[Collection entries]
◆ ◆ ◆ ◆ ◆ ◆ ◆
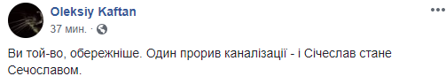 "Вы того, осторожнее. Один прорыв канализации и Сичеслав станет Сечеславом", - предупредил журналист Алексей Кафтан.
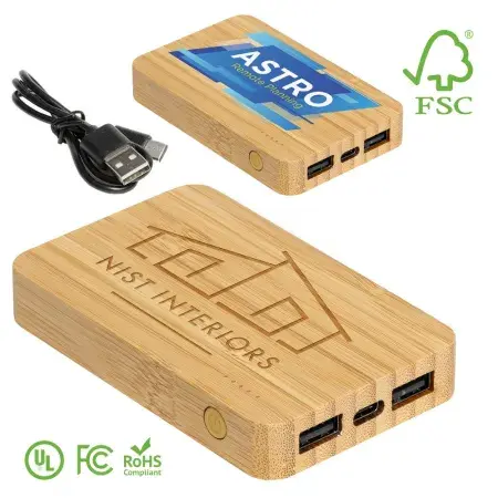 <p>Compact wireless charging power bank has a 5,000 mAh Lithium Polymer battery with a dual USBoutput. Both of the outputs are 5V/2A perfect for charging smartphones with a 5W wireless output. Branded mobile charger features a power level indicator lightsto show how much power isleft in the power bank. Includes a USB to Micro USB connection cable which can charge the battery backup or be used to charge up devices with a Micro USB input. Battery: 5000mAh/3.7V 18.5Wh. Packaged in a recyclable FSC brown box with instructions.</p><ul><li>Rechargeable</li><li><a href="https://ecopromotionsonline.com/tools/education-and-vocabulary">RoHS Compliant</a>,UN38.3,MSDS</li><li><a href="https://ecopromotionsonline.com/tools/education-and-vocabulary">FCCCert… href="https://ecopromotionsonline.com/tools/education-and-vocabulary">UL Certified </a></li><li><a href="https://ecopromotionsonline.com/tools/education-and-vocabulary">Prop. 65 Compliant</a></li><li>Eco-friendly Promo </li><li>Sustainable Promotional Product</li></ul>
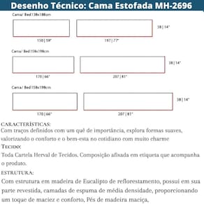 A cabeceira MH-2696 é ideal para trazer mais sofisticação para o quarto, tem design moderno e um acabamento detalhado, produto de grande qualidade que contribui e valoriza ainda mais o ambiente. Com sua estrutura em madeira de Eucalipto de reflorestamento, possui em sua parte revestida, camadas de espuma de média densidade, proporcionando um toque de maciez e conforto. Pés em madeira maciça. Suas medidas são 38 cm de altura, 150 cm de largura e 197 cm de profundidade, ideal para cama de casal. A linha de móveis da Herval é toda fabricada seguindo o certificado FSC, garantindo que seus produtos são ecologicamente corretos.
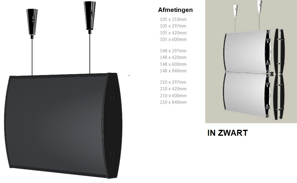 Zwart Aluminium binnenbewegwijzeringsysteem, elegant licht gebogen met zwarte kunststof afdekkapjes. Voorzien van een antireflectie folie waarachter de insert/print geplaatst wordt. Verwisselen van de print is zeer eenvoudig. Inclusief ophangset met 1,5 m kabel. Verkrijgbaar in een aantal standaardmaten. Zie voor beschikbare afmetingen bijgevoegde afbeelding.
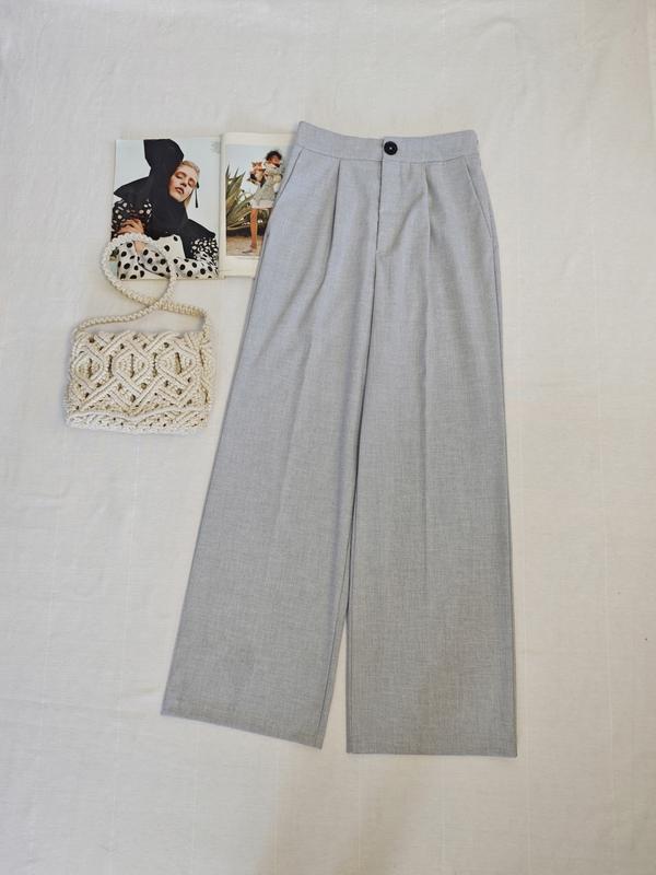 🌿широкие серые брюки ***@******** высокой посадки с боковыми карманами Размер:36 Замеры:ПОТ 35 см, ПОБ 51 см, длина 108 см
◆ ◆ ◆ ◆ ◆ ◆ ◆
→ Exercise details
Reproduce every record in full. Leave out the images.

→ Solution to this problem
 "Вы того, осторожнее. Один прорыв канализации и Сичеслав станет Сечеславом", - предупредил журналист Алексей Кафтан.
 <p>Compact wireless charging power bank has a 5,000 mAh Lithium Polymer battery with a dual USBoutput. Both of the outputs are 5V/2A perfect for charging smartphones with a 5W wireless output. Branded mobile charger features a power level indicator lightsto show how much power isleft in the power bank. Includes a USB to Micro USB connection cable which can charge the battery backup or be used to charge up devices with a Micro USB input. Battery: 5000mAh/3.7V 18.5Wh. Packaged in a recyclable FSC brown box with instructions.</p><ul><li>Rechargeable</li><li><a href="https://ecopromotionsonline.com/tools/education-and-vocabulary">RoHS Compliant</a>,UN38.3,MSDS</li><li><a href="https://ecopromotionsonline.com/tools/education-and-vocabulary">FCCCert… href="https://ecopromotionsonline.com/tools/education-and-vocabulary">UL Certified </a></li><li><a href="https://ecopromotionsonline.com/tools/education-and-vocabulary">Prop. 65 Compliant</a></li><li>Eco-friendly Promo </li><li>Sustainable Promotional Product</li></ul>
 A cabeceira MH-2696 é ideal para trazer mais sofisticação para o quarto, tem design moderno e um acabamento detalhado, produto de grande qualidade que contribui e valoriza ainda mais o ambiente. Com sua estrutura em madeira de Eucalipto de reflorestamento, possui em sua parte revestida, camadas de espuma de média densidade, proporcionando um toque de maciez e conforto. Pés em madeira maciça. Suas medidas são 38 cm de altura, 150 cm de largura e 197 cm de profundidade, ideal para cama de casal. A linha de móveis da Herval é toda fabricada seguindo o certificado FSC, garantindo que seus produtos são ecologicamente corretos.
 Zwart Aluminium binnenbewegwijzeringsysteem, elegant licht gebogen met zwarte kunststof afdekkapjes. Voorzien van een antireflectie folie waarachter de insert/print geplaatst wordt. Verwisselen van de print is zeer eenvoudig. Inclusief ophangset met 1,5 m kabel. Verkrijgbaar in een aantal standaardmaten. Zie voor beschikbare afmetingen bijgevoegde afbeelding.
 🌿широкие серые брюки ***@******** высокой посадки с боковыми карманами Размер:36 Замеры:ПОТ 35 см, ПОБ 51 см, длина 108 см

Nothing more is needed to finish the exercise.